Perhaps the two biggest errors I see the “young ones” (coaches) make are (1) They insist on recruiting some borderline jerk who is talented. Eventually that star throws the team and the coach “under the bus.” Don’t bet on that guy, Coach! Get you some good people. You’ll win your share and have a fair chance of staying sane in the crazy world of athletics. Secondly, I see the young coaches work the kids too much. Your players are not employees, or machines, and you can run them in the ground. Perhaps the biggest criticism I heard of my teams was that we didn’t work hard enough. But, at tournament time we were fresh, eager and goal oriented. Very often we waxed the “hard workers” whose coach had worn them beyond caring much.
I never had a team that wasn’t ready to put away the racket for a while at the end of the season. It’s call “periodization.”
Above —Excerpt From: Tom Parham. “The Little Green Book of Tennis.” Apple Books.

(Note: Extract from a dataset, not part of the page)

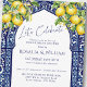 This lemon-themed engagement shower invitation features fresh watercolor illustrations of lemons and delicate lemon blossoms, paired with a Mediterranean tile pattern arranged in a soft arched shape for an elegant, sun-soaked look. The headline “Let’s Celebrate” adds a joyful and inviting touch.

Twenty years ago I received one of a few “hate letters”.  I was published in a major tennis magazine suggesting a shortened format for college tennis.  The response was a very strong suggestion that I had no idea what I was talking about.  In fairness the staff writer thought I was talking about professional tennis, whose crowds were  setting records.
In the next twenty years college tennis made major changes to shorten the matches, individual and team.  Doubles  first,  pro-sets for doubles points, then standard sets only.  Tiebreakers instead of third sets in singles, and others.  The Australian open, a pro event, shortened its format this year.  Touche!
Things change.  I never had assistant.  taught classes, sold tickets, ran intramurals.  Over forty years I taught over twenty different college courses.  Two teams I coached had only six players.  No subs.  One year  I played the same lineup, singles and doubles, for all twenty three matches.   Now the majors programs have any number helping do the growing number of duties.  And, while the NCAA places a limit on squad numbers, teams carry large rosters. And they need them and the accompanying  trainers and managers because of injury.
In short, all sports are changing due to many factors.  Certainly football is in crisis due to injury all over, but mostly head injury.  Duke basketball got the snake bite this season.  Zion Williamson and “Shoegate” followed by last night’s UNC game and the eerily similar early game injury to  Marques Bolden.
Each sport and level of play might be advised to reconsider how to keep injuries down :  1. For the sake of players and 2. To combat the attrition of team members that cause coaches having to play with “…them who is left standing.”
And there is the third reason of winning.   Players win games, but coaches and administrators make the rules.  Coaches can do a lot by designing programs that yield the best chance of having a full roster when crunch time comes at the end of the season.